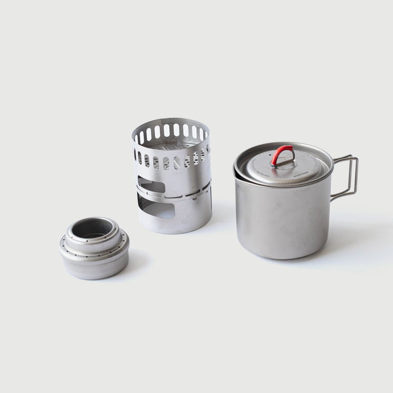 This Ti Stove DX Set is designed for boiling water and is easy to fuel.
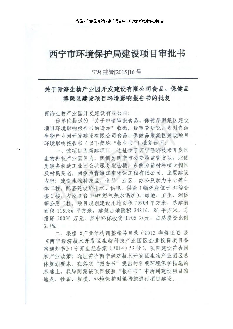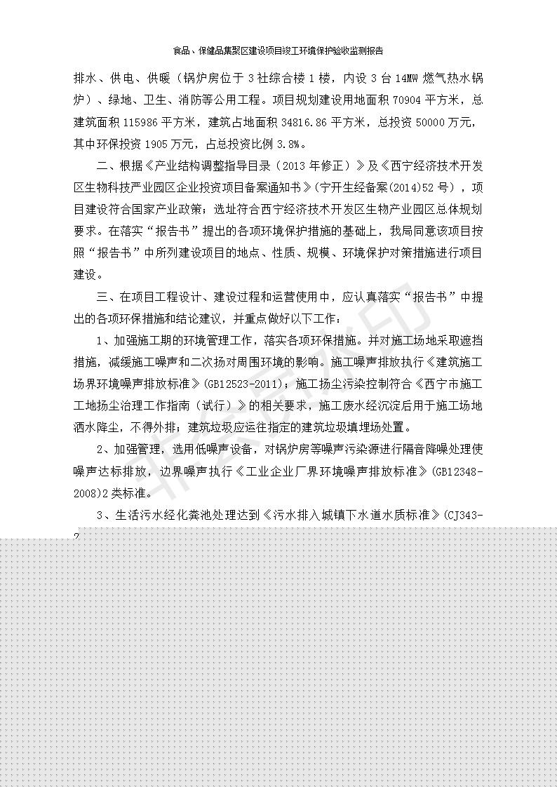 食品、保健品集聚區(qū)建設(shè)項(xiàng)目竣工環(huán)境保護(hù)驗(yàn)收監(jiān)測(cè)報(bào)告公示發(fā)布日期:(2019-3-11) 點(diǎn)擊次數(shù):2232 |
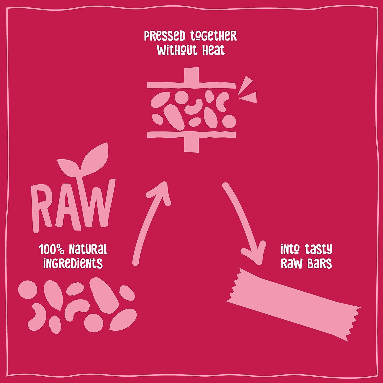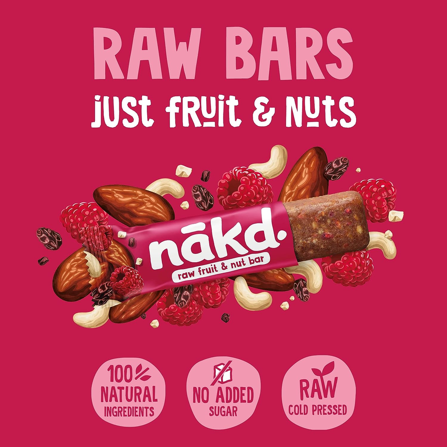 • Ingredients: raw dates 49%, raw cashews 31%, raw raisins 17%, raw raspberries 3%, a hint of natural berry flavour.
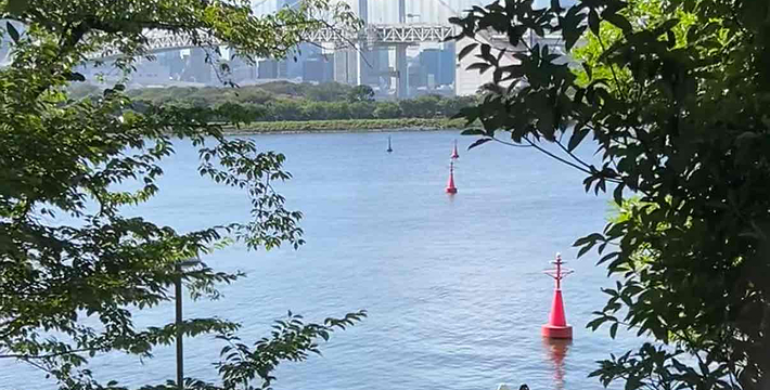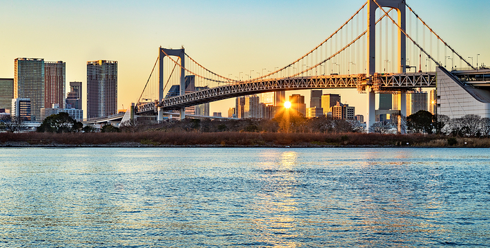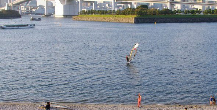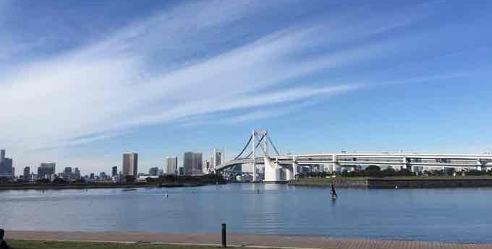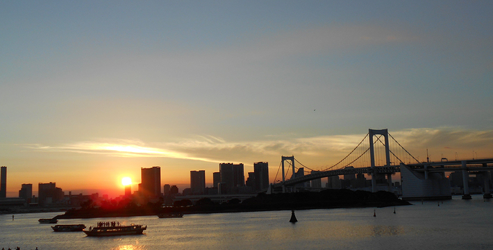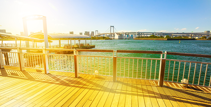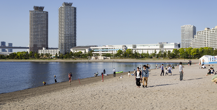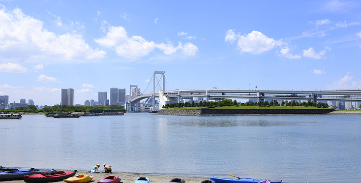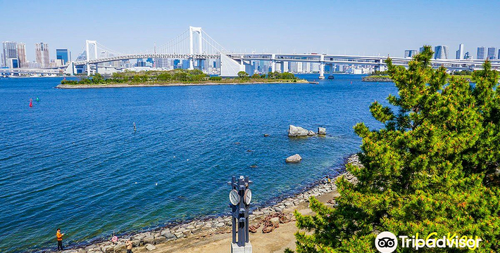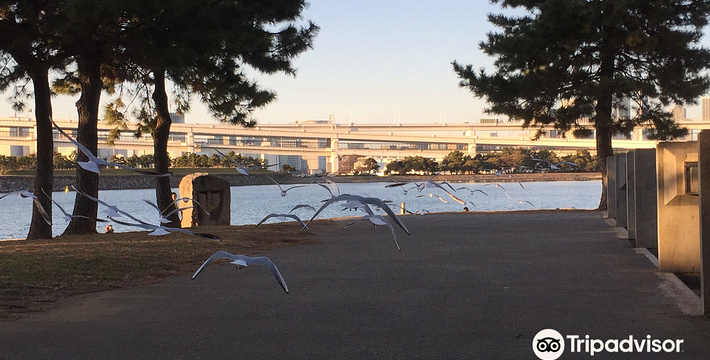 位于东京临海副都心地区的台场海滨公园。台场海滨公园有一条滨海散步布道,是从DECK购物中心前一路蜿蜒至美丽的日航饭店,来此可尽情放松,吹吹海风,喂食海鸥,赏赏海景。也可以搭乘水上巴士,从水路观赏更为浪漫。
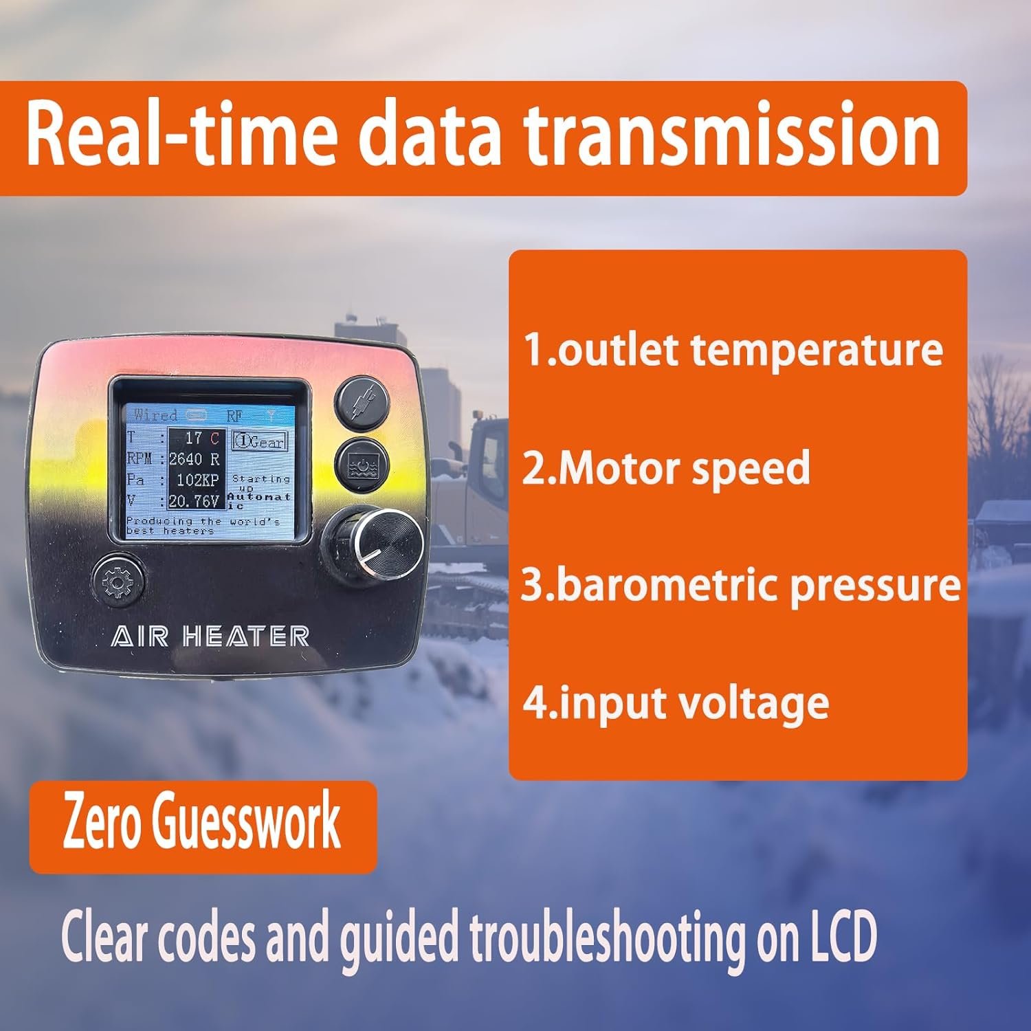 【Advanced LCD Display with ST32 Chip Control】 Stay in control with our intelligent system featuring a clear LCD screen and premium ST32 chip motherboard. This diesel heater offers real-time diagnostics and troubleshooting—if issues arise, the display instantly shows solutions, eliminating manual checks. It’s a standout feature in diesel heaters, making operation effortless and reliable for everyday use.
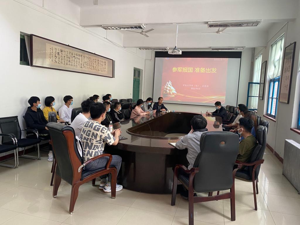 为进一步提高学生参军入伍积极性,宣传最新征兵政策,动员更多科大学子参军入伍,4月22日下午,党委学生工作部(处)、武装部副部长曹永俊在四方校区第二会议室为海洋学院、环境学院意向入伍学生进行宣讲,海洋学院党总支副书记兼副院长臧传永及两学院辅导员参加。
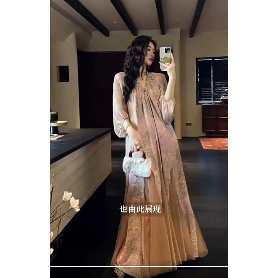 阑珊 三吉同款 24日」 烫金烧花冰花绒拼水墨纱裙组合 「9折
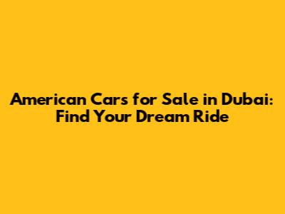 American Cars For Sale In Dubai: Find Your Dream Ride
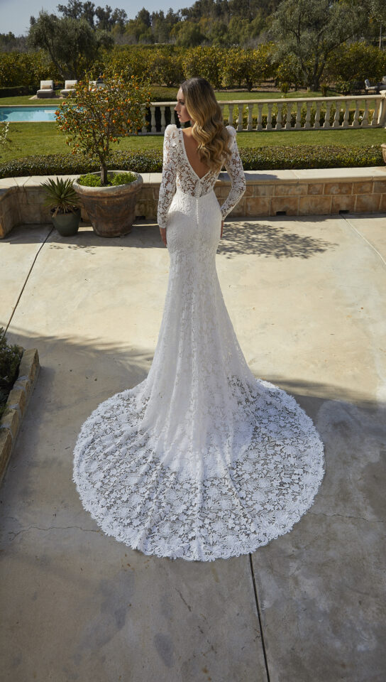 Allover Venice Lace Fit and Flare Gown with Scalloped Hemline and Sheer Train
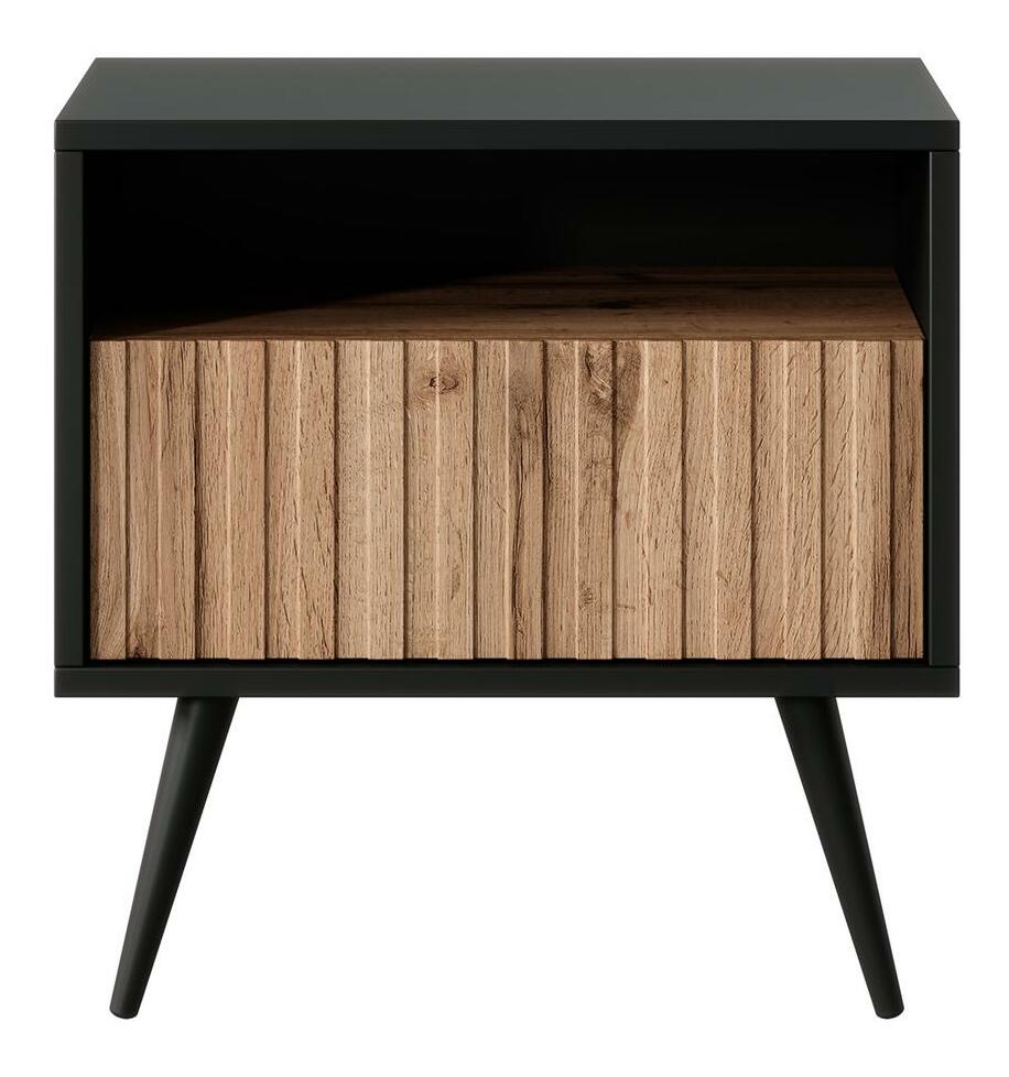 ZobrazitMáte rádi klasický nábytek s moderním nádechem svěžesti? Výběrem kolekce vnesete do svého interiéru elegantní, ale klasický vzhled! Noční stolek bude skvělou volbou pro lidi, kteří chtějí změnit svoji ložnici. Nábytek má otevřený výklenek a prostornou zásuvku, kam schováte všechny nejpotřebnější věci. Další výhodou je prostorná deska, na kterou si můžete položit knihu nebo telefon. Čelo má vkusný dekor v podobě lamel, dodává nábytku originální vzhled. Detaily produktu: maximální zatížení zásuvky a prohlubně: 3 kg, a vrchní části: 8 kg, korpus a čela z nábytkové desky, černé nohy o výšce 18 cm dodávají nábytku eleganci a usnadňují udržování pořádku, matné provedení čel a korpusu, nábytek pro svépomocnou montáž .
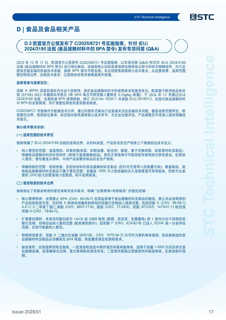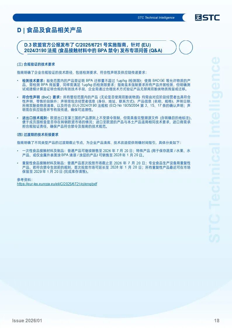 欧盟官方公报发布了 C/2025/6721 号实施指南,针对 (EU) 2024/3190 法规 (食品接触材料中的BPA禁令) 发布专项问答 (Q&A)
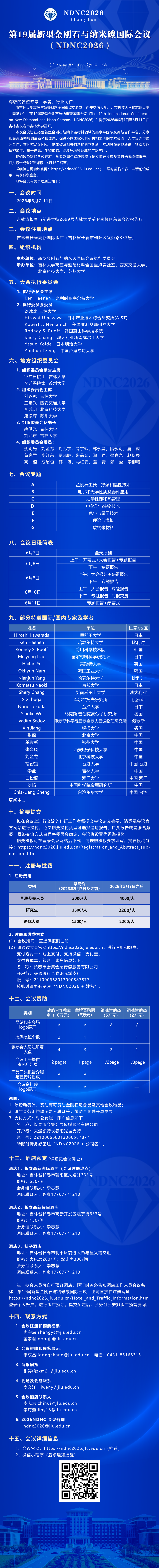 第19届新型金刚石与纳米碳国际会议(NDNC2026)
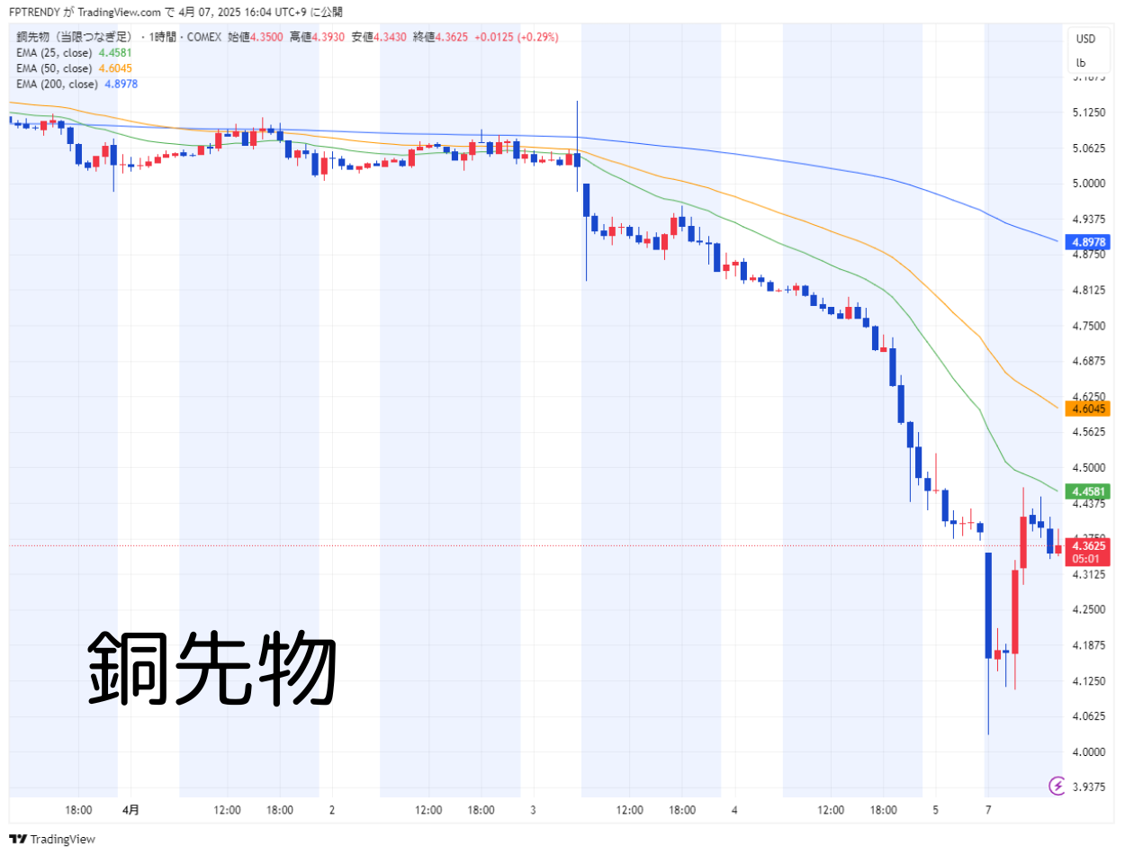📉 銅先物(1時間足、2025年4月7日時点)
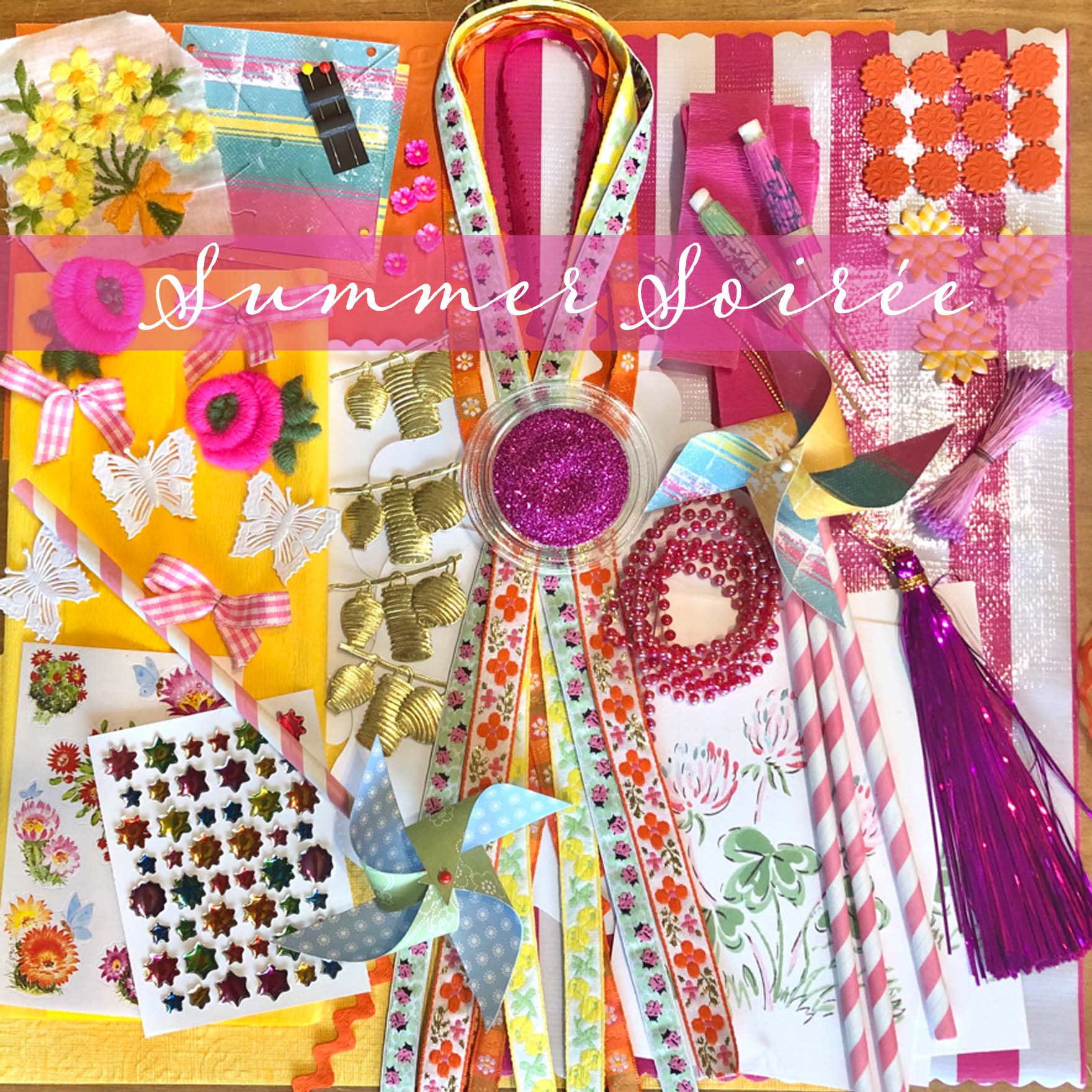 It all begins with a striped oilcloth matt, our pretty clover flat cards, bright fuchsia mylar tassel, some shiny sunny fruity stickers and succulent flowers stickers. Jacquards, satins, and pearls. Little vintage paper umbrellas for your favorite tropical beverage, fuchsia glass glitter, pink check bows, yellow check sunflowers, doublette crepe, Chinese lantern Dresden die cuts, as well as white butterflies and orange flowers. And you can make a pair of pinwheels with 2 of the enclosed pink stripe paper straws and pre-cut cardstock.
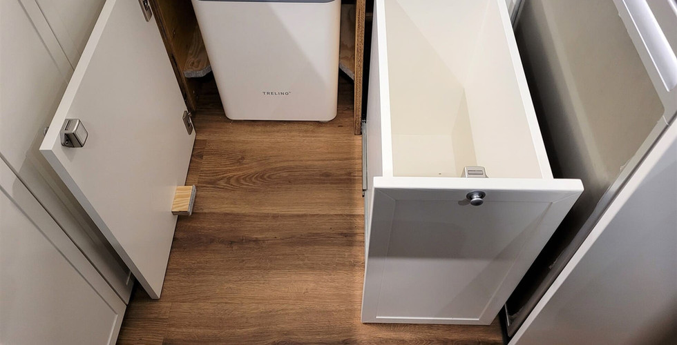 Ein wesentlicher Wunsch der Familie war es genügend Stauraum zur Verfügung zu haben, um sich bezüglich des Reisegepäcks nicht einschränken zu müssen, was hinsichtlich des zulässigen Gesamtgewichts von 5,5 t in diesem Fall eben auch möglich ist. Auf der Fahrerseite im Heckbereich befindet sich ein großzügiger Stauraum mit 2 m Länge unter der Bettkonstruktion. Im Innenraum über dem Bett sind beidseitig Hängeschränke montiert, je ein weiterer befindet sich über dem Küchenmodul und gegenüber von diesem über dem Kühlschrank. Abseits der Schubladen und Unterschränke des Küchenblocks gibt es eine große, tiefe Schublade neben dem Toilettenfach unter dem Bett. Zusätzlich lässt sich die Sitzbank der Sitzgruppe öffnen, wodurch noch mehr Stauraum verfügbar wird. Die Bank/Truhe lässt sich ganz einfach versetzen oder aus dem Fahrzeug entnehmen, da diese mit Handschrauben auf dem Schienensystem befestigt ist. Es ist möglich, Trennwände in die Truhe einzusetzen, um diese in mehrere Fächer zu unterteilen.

++++++++

*Work request*.
In the entries above, find the line containing "natural berry flavour." and the line containing "位于东京临海副都心地区的台场"; give again exactly those two lines and every line between them, minus the pictures.

*Task result*.
 • Ingredients: raw dates 49%, raw cashews 31%, raw raisins 17%, raw raspberries 3%, a hint of natural berry flavour.
 位于东京临海副都心地区的台场海滨公园。台场海滨公园有一条滨海散步布道,是从DECK购物中心前一路蜿蜒至美丽的日航饭店,来此可尽情放松,吹吹海风,喂食海鸥,赏赏海景。也可以搭乘水上巴士,从水路观赏更为浪漫。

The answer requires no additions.